Two diametrically opposite points of a metal ring are connected to two terminals of the left gap of metre bridge. The resistance of $11\Omega$ is connected in the right gap. If a null point is obtained at a distance of 45cm from the left end, find the resistance of the metal ring.

Answer 1

In this question we have to apply the concept of resistance, combinations of resistors and the metre bridge. We have to convert the given question into a combination of resistors and then use the combinations to calculate the resistance in the other gap of metre bridge using the formula of metre bridge.

Complete step by step answer:
We can assume the resistance of the complete ring to be 2R. If we make a connection in two diametrically opposite ends then we can assume the ring to be two half rings connected to the two terminals. This combination is equivalent to two resistors connected in parallel to the two diametrically opposite terminals with half the resistance of the total ring, i.e. R
The above scenario can be explained by the following diagram.


After establishing this diagram, we can easily understand that this is a combination of resistors in parallel combinations with both resistors with value R.
This circuit is connected to the left gap of the metre bridge, but before that we should calculate the equivalent resistance.

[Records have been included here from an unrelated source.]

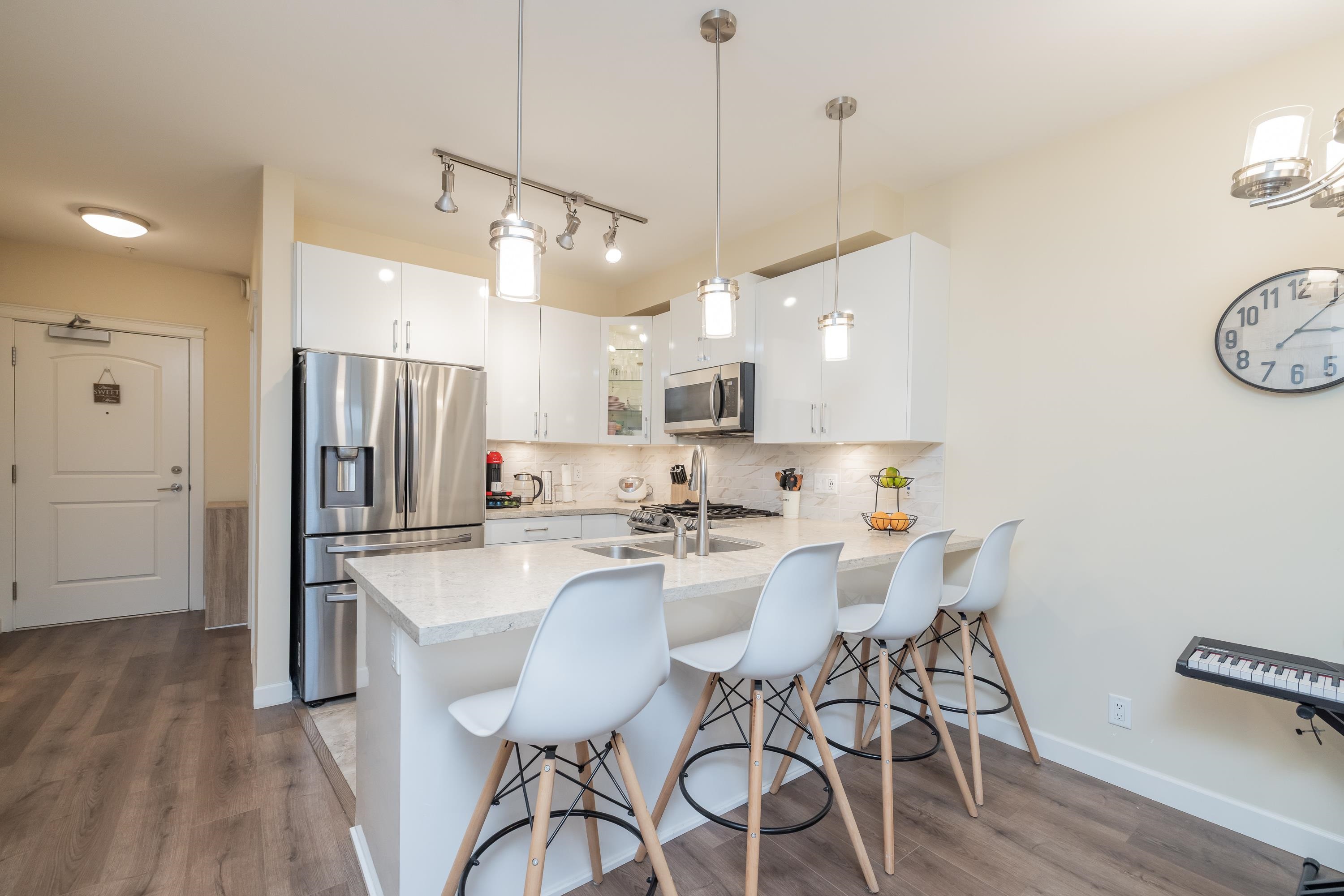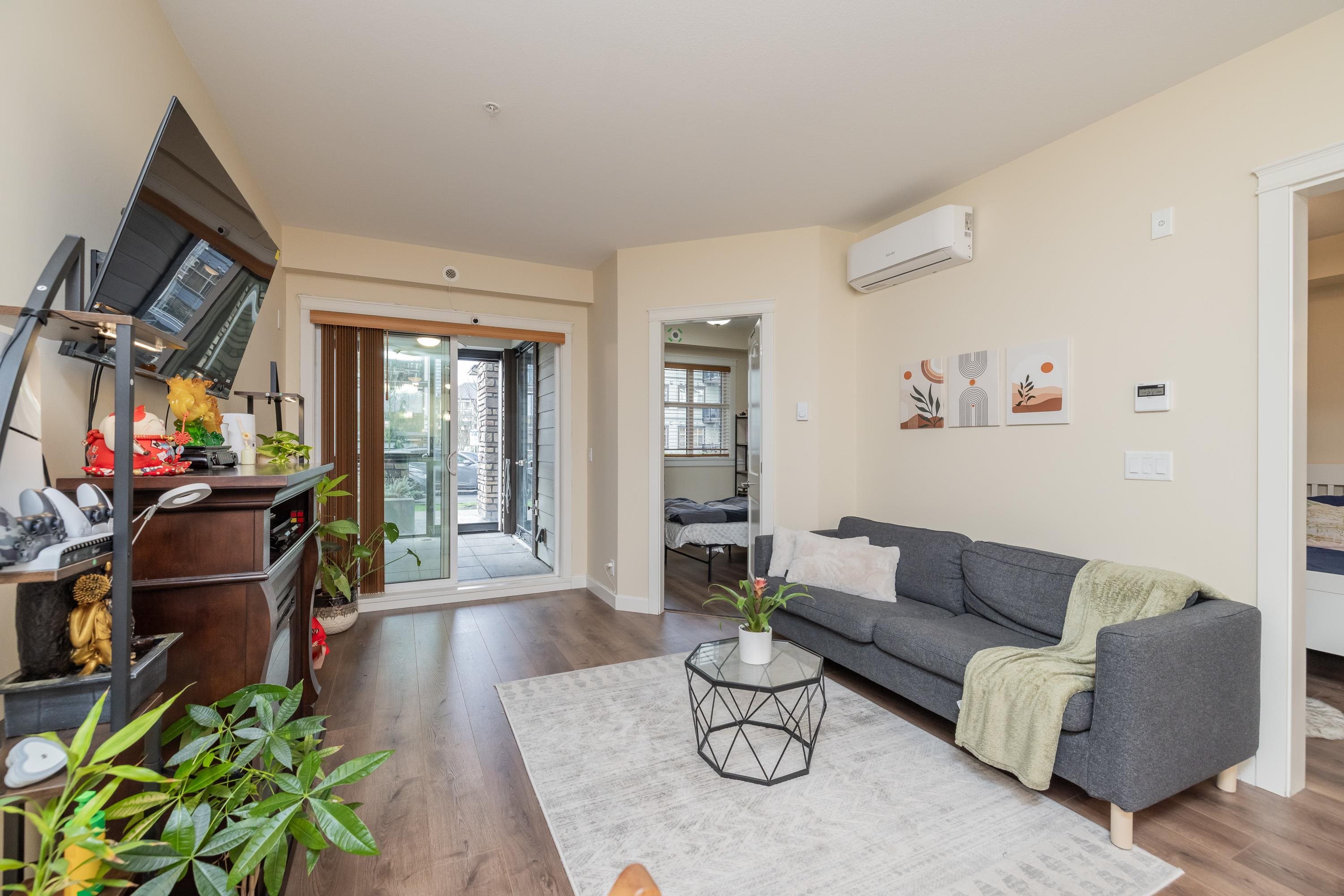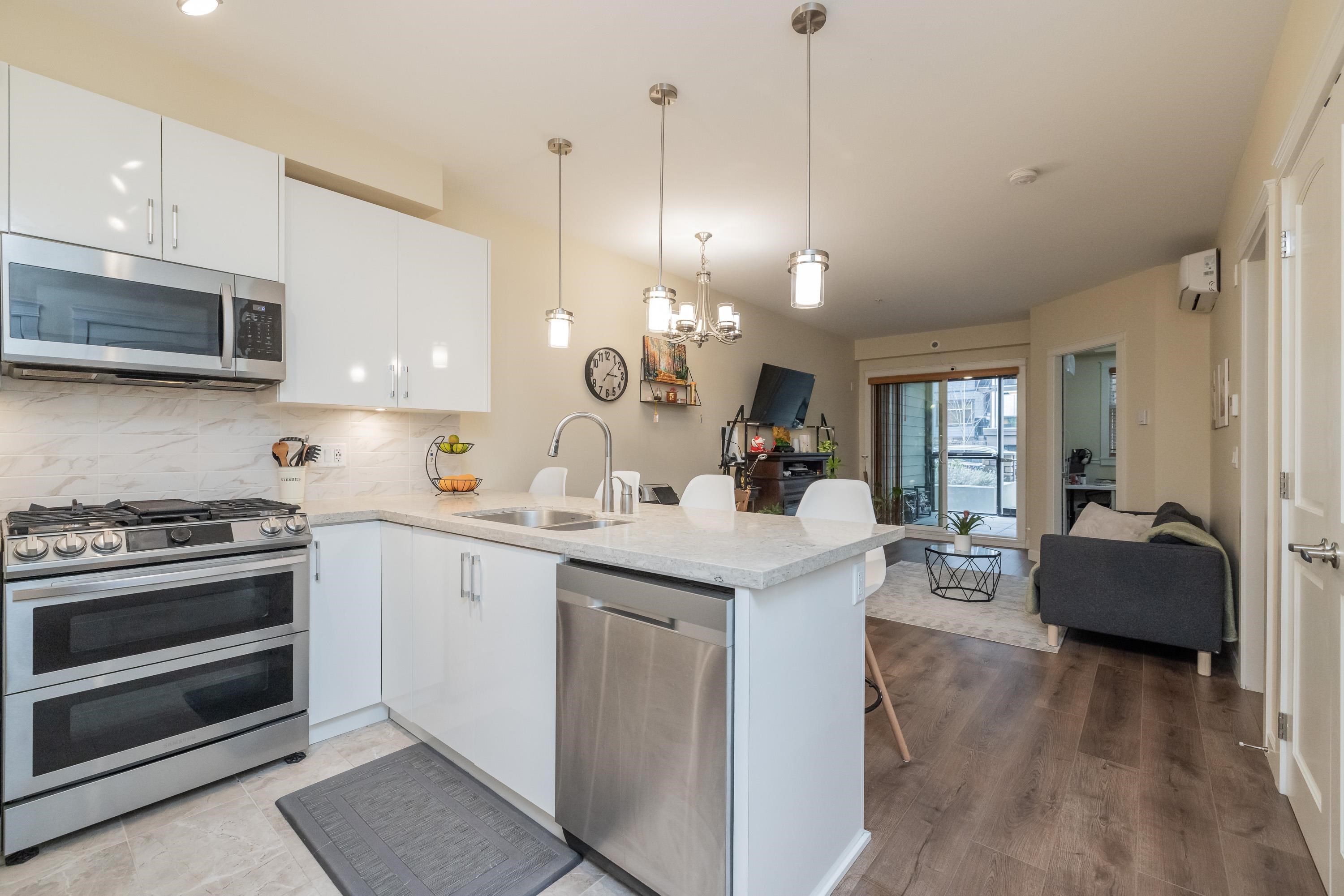 Welcome to Yorkson Park! This 2 bed + flex home offers modern style and smart function in a quality-built, only 4-year-old building. The gourmet kitchen features quartz counters, stainless appliances, and a gas range. Enjoy year-round comfort with A/C, an electric fireplace, and heated bathroom floors. The flex space is ideal for a home office or extra storage. An enclosed solarium expands your living area and overlooks the quiet courtyard. Bonus: 2 parking stalls + secure storage. Steps to shops, restauran...
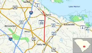 SC 310 begins at an intersection with US 176/SC 453 Truck in Holly Hill. The highway heads north concurrently with SC 453 Truck to a roundabout with SC 45, north of the city. Here, the truck route follows SC 45, while SC 310 continues to the north. It enters the city of Vance, where it intersects SC 210. After leaving Vance, SC 310 heads northwest and meets its northern terminus, an intersection with SC 6, just northwest of the city.[2]
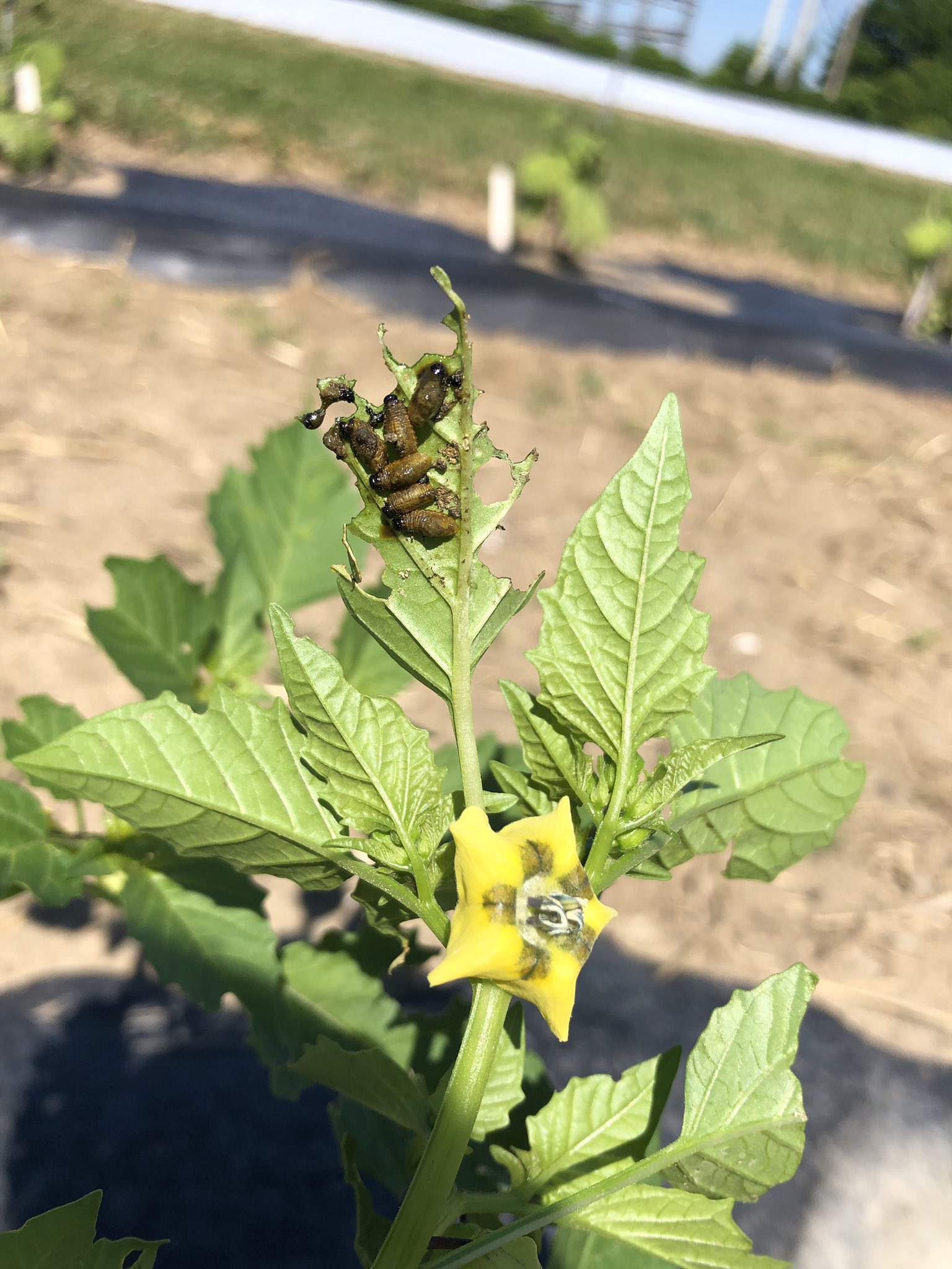 Even though some of the leaves are yellows they still look healthy. In the absence of garden hosts they will feed on weeds such as buffalo-bur and ground cherry. Colorado potato beetles feed on the leaves and can cause severe defoliation of infested plants Figure 1.
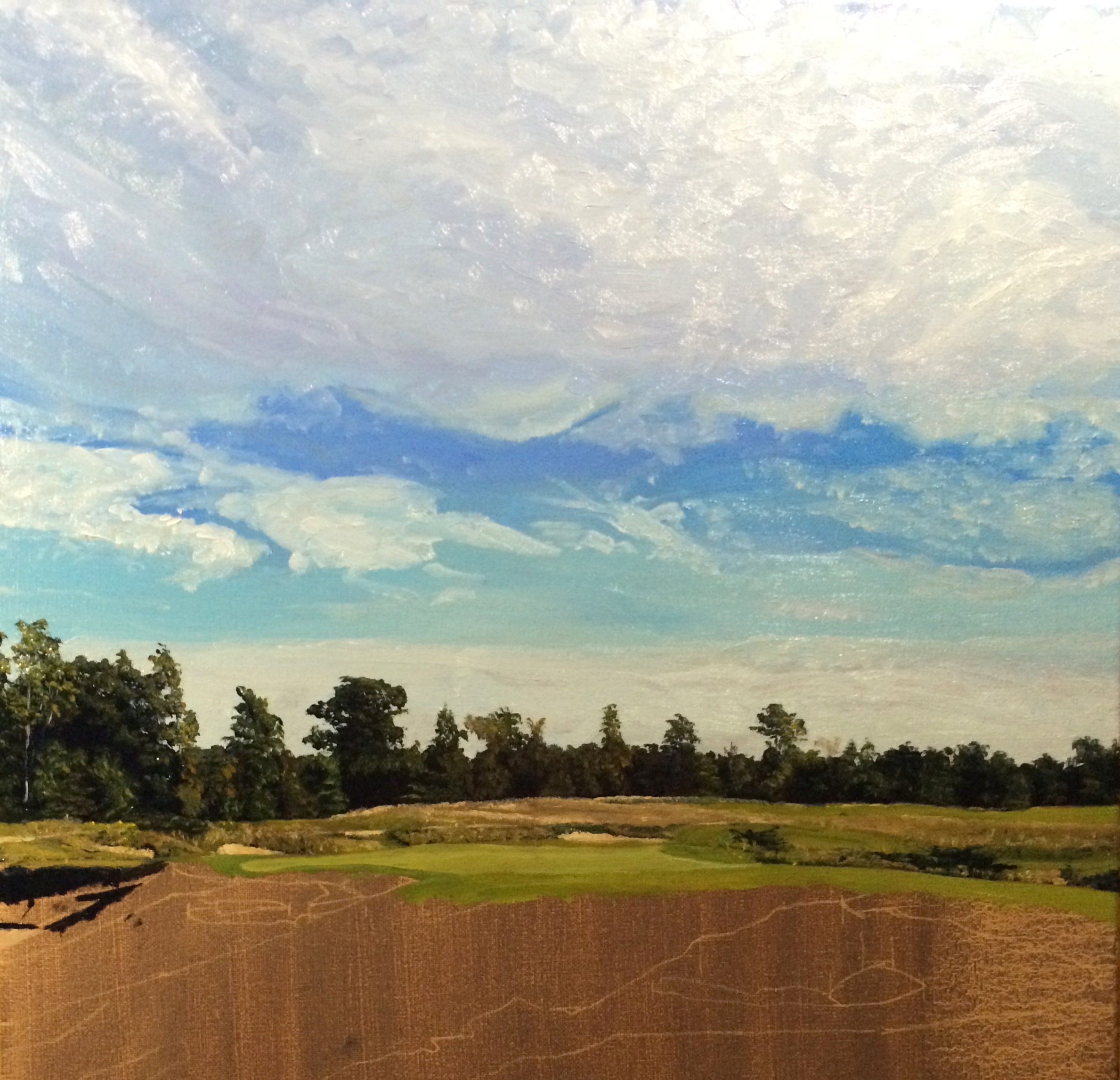 Tedious work last night, thought mostly done with Winsor & Newton Artists’ Oil Brush Filbert #2 versus small brushes. I find trying to use small brushes, other than for maybe the flagstick, takes away from the painterly feel of the work. Happy with how the green complex is going in and will have to wait just a little to put in the flagstick. Several bunkers are in and the grasses all around the green vary from lots of cadmium yellow pale, to more alizarian crimson, with touches of burnt umber. A great hole with great textures.

Of the above ring -setup.
The resistance in this parallel combination is given by:

$$\Rightarrow\dfrac{1}{{{R_{eq}}}} = \dfrac{1}{R} + \dfrac{1}{R}\\\ \Rightarrow\dfrac{1}{{{R_{eq}}}} = \dfrac{2}{R}\\\ \Rightarrow{R_{eq}} = \,\dfrac{R}{2}\Omega$$

Resistance of $\dfrac{R}{2}\Omega$ is connected to the left gap of the metre bridge, for a condition of balanced metre bridge the following condition should be satisfied:
$\dfrac{{{\rm{Resistance in the left gap}}}}{{{\rm{Resistance in the right gap}}}} = \,\dfrac{l}{{100 - l}}$
Given in the question
The resistance in the right gap = $11\Omega$
Length of null point $l$ = 45 cm, and $100 - l = 55$cm
After obtaining all these values we will put it in the formula,
$\Rightarrow\dfrac{{R/2}}{{11}} = \dfrac{{45}}{{55}}\\\ \Rightarrow\dfrac{R}{2} = \dfrac{{45}}{5}\\\ \therefore R = 18\Omega$
The resistance of half the ring is $18\Omega$, therefore the resistance of the total ring is $36\Omega$.

Note: This question can be solved if we assume the ring to be a combination of resistors. If we consider the total resistance of the ring to be R then the calculation will be difficult in comparison if we take the resistance to be 2R.